[REQUIRED ACTION]
The lines below, from the one holding "Across the site, the" through the one holding "The FTIR spectra", are to be restated word for word, with all images left out.

[MATERIAL FOR THIS EXERCISE]
*** Block opens ***

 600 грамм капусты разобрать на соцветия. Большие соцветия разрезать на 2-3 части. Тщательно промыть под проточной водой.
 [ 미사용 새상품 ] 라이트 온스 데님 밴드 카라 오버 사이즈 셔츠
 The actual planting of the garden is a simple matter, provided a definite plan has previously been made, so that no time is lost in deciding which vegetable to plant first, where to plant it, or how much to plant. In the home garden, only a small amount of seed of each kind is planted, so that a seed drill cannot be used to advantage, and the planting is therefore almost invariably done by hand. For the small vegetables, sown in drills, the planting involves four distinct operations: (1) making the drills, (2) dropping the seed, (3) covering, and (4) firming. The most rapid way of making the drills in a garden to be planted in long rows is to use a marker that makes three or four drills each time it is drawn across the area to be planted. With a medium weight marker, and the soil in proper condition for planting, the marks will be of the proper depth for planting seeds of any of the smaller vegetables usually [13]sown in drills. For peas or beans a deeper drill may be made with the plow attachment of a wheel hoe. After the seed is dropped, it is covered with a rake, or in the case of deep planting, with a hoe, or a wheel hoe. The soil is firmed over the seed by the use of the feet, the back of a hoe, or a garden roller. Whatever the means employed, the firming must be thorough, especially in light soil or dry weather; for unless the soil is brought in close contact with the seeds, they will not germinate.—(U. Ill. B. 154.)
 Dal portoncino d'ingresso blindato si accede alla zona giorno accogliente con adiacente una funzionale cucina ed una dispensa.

*** Block closes ***
*** Block opens ***

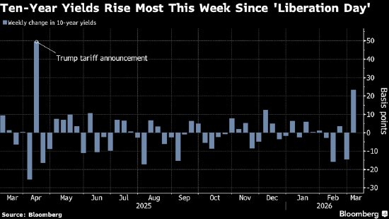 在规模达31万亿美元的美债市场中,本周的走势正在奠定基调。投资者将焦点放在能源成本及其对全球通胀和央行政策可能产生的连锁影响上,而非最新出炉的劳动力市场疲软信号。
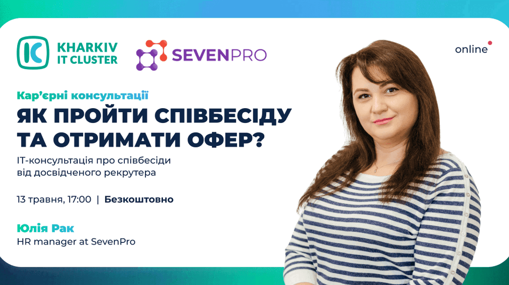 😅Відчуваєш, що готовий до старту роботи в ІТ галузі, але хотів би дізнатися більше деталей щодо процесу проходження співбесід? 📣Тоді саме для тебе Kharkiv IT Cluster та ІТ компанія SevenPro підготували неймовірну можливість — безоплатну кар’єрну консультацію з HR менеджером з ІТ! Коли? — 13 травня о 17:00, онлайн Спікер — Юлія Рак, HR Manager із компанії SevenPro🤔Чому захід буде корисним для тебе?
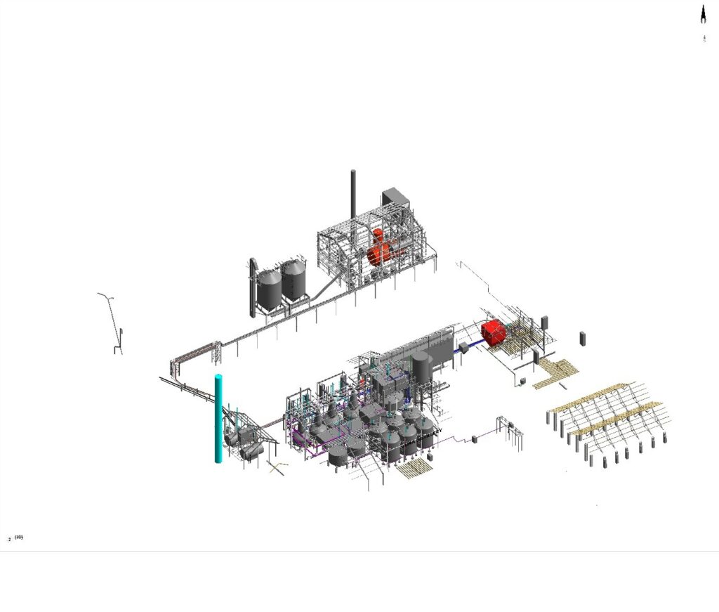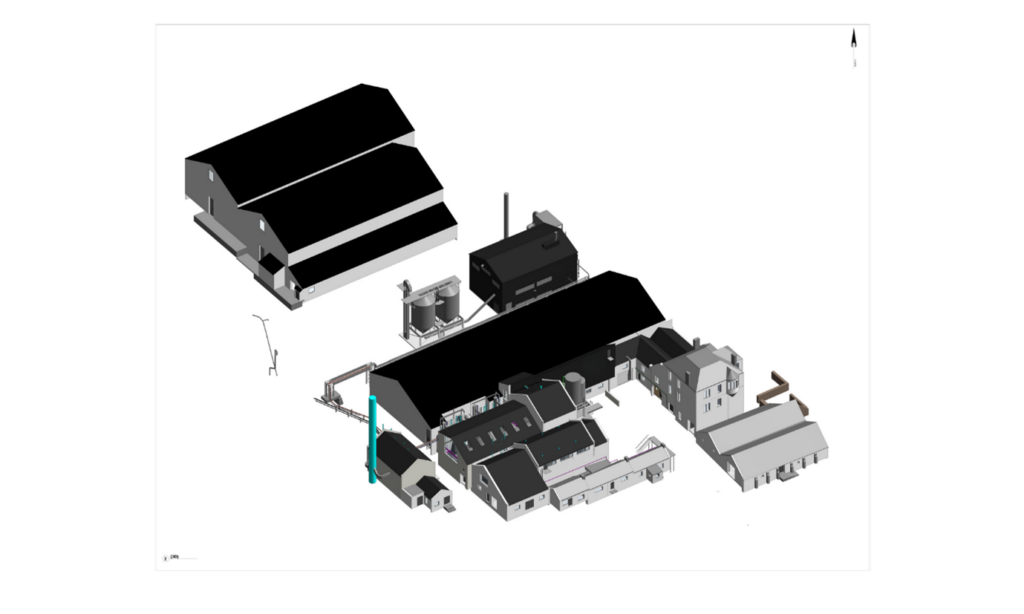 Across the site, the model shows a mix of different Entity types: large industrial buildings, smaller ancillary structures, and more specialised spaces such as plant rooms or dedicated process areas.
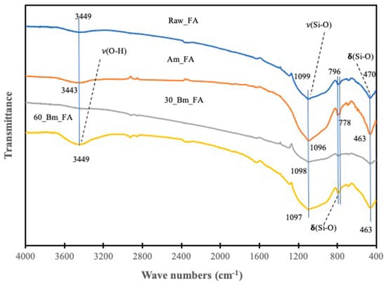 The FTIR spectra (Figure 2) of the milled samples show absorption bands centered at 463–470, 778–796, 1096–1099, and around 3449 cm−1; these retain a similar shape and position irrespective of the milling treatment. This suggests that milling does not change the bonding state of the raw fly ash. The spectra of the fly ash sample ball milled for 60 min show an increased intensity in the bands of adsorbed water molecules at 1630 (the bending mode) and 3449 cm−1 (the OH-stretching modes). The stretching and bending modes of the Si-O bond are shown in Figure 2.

*** Block closes ***

[RESPONSE FOR THIS EXERCISE]
 Across the site, the model shows a mix of different Entity types: large industrial buildings, smaller ancillary structures, and more specialised spaces such as plant rooms or dedicated process areas.
 The FTIR spectra (Figure 2) of the milled samples show absorption bands centered at 463–470, 778–796, 1096–1099, and around 3449 cm−1; these retain a similar shape and position irrespective of the milling treatment. This suggests that milling does not change the bonding state of the raw fly ash. The spectra of the fly ash sample ball milled for 60 min show an increased intensity in the bands of adsorbed water molecules at 1630 (the bending mode) and 3449 cm−1 (the OH-stretching modes). The stretching and bending modes of the Si-O bond are shown in Figure 2.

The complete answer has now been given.